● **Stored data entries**
/---
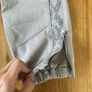 Paige Women’s Mayslie Jogger Slithering Grey Zip Hem Stretch Pants Size 26. Python/snake/animal print side stripe. New with tags, no flaws.
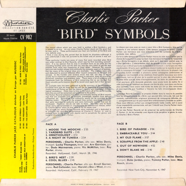 € 16.50 Media: Very Good Plus (VG+)Hoes: Very Good Plus (VG+)Charlie Parker – “Bird” Symbols (LP, Album, RE)
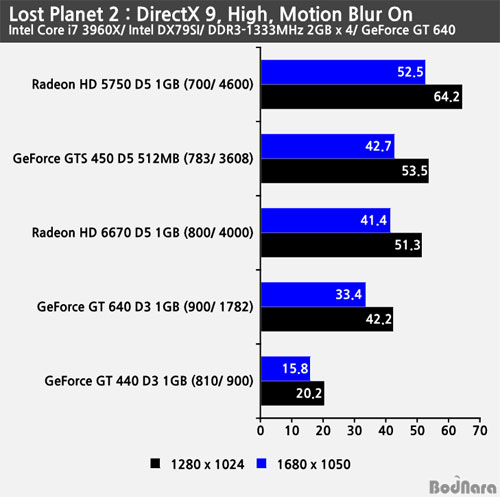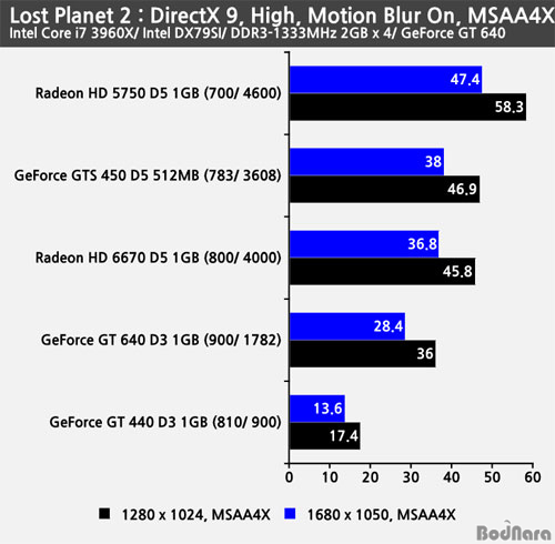 ·Î½ºÆ® Ç÷¡´Ö 2 (Lost Planet)´Â DirectX 9 ¹× High ±×·¡ÇÈ ¿É¼Ç, ¸ð¼Ç ºí·¯ OnÀ» Àû¿ëÇÑ °á°ú ÁöÆ÷½º GTS 450 ¹× ¶óµ¥¿Â HD 6670°ú´Â ÇÁ·¹ÀÓÀÇ Â÷À̰¡ Å« °ÍÀ¸·Î È®ÀεȴÙ.
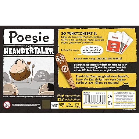 Thông tin sản phẩm Exploding Kittens, Poetry for Neanderthals, Party Game, Card Game, 2+ Players, from 7+ Years, 15 Minutes, German
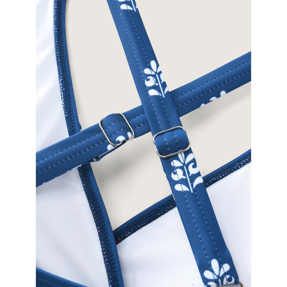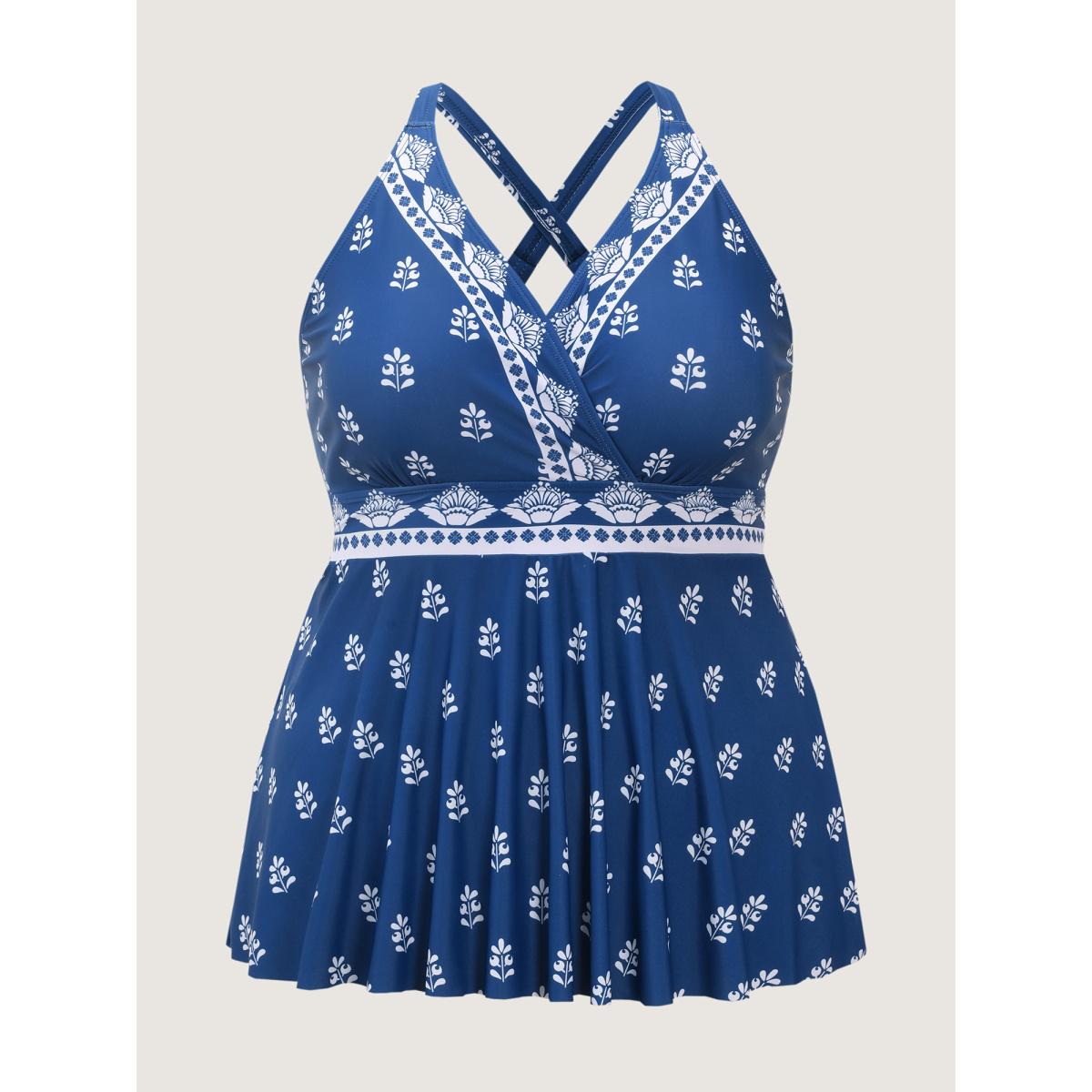 Plus Size Boho Print A-Line Adjustable Swim Top Women's Swimwear Mediumblue Resort High stretch Bodycon Overlap Collar Curve Swim Tops BloomChic 26/4X
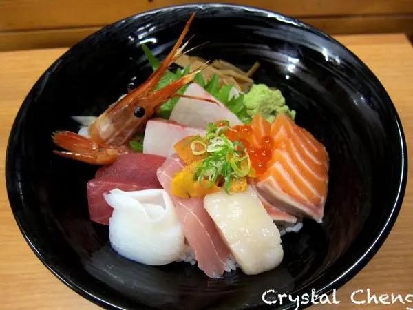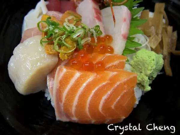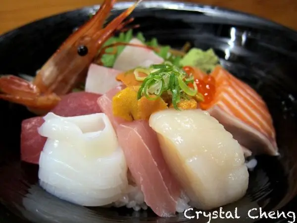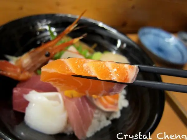 鮭魚、海膽、紅甘、干貝、花枝、甜蝦和鮪魚,生魚片的味道都非常新鮮,
\---
● **Work required**
Drop the images and repeat the data exactly.

● **Solution to this exercise**
 Paige Women’s Mayslie Jogger Slithering Grey Zip Hem Stretch Pants Size 26. Python/snake/animal print side stripe. New with tags, no flaws.
 € 16.50 Media: Very Good Plus (VG+)Hoes: Very Good Plus (VG+)Charlie Parker – “Bird” Symbols (LP, Album, RE)
 ·Î½ºÆ® Ç÷¡´Ö 2 (Lost Planet)´Â DirectX 9 ¹× High ±×·¡ÇÈ ¿É¼Ç, ¸ð¼Ç ºí·¯ OnÀ» Àû¿ëÇÑ °á°ú ÁöÆ÷½º GTS 450 ¹× ¶óµ¥¿Â HD 6670°ú´Â ÇÁ·¹ÀÓÀÇ Â÷À̰¡ Å« °ÍÀ¸·Î È®ÀεȴÙ.
 Thông tin sản phẩm Exploding Kittens, Poetry for Neanderthals, Party Game, Card Game, 2+ Players, from 7+ Years, 15 Minutes, German
 Plus Size Boho Print A-Line Adjustable Swim Top Women's Swimwear Mediumblue Resort High stretch Bodycon Overlap Collar Curve Swim Tops BloomChic 26/4X
 鮭魚、海膽、紅甘、干貝、花枝、甜蝦和鮪魚,生魚片的味道都非常新鮮,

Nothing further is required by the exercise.